Teach long data events to keep the true payload size in array[0], and let
the ring buffer derive the aligned in-buffer size separately when it needs
to walk or discard records. Then add a long-reserve helper and use it for
TRACE_PRINT and TRACE_RAW_DATA so their zero-length-array tails always
preserve the real payload size.
The temporary filtered-event buffer keeps the same long-record payload
length semantics, and a QEMU runtime reproducer for trace_marker_raw now
reports the expected byte counts again.
Link: https://bugzilla.kernel.org/show_bug.cgi?id=210173
Signed-off-by: Cao Ruichuang <create0818@163.com>
---
include/linux/ring_buffer.h | 2 ++
kernel/trace/ring_buffer.c | 56 ++++++++++++++++++++++++++-----------
kernel/trace/trace.c | 8 +++---
kernel/trace/trace.h | 15 ++++++++++
kernel/trace/trace_printk.c | 8 +++---
5 files changed, 65 insertions(+), 24 deletions(-)

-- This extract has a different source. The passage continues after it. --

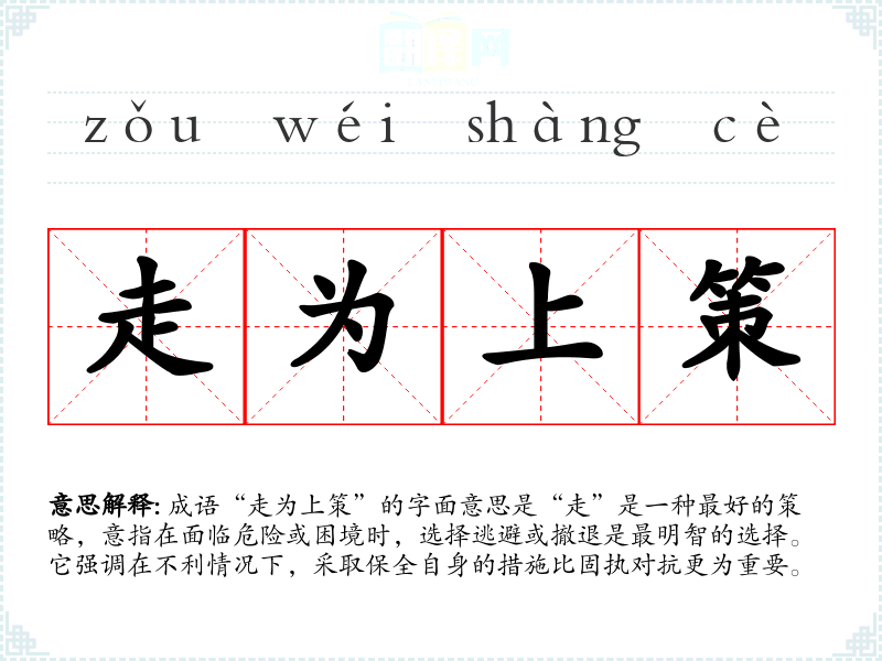 - 日常对话:在朋友之间讨论问题时,若遇到棘手的局面,可以提到“走为上策”,以建议对方从容应对。

diff --git a/include/linux/ring_buffer.h b/include/linux/ring_buffer.h
index d862fa610..a4e46cb53 100644
--- a/include/linux/ring_buffer.h
+++ b/include/linux/ring_buffer.h
@@ -137,6 +137,8 @@ void ring_buffer_change_overwrite(struct trace_buffer *buffer, int val);
struct ring_buffer_event *ring_buffer_lock_reserve(struct trace_buffer *buffer,
unsigned long length);
+struct ring_buffer_event *ring_buffer_lock_reserve_long(struct trace_buffer *buffer,
+ unsigned long length);
int ring_buffer_unlock_commit(struct trace_buffer *buffer);
int ring_buffer_write(struct trace_buffer *buffer,
unsigned long length, void *data);
diff --git a/kernel/trace/ring_buffer.c b/kernel/trace/ring_buffer.c
index 170170bd8..c9ade62df 100644
--- a/kernel/trace/ring_buffer.c
+++ b/kernel/trace/ring_buffer.c
@@ -206,10 +206,14 @@ rb_event_data_length(struct ring_buffer_event *event)
unsigned length;
if (event->type_len)
- length = event->type_len * RB_ALIGNMENT;
- else
- length = event->array[0];
- return length + RB_EVNT_HDR_SIZE;
+ return event->type_len * RB_ALIGNMENT + RB_EVNT_HDR_SIZE;
+
+ /*
+ * Long records store the true payload size in array[0], but still
+ * consume an aligned amount of space in the buffer.
+ */
+ length = event->array[0] + RB_EVNT_HDR_SIZE + sizeof(event->array[0]);
+ return ALIGN(length, RB_ARCH_ALIGNMENT);
}
/*
@@ -276,12 +280,13 @@ unsigned ring_buffer_event_length(struct ring_buffer_event *event)
if (extended_time(event))
event = skip_time_extend(event);
+ if (!event->type_len)
+ return event->array[0];
+
length = rb_event_length(event);
if (event->type_len > RINGBUF_TYPE_DATA_TYPE_LEN_MAX)
return length;
length -= RB_EVNT_HDR_SIZE;
- if (length > RB_MAX_SMALL_DATA + sizeof(event->array[0]))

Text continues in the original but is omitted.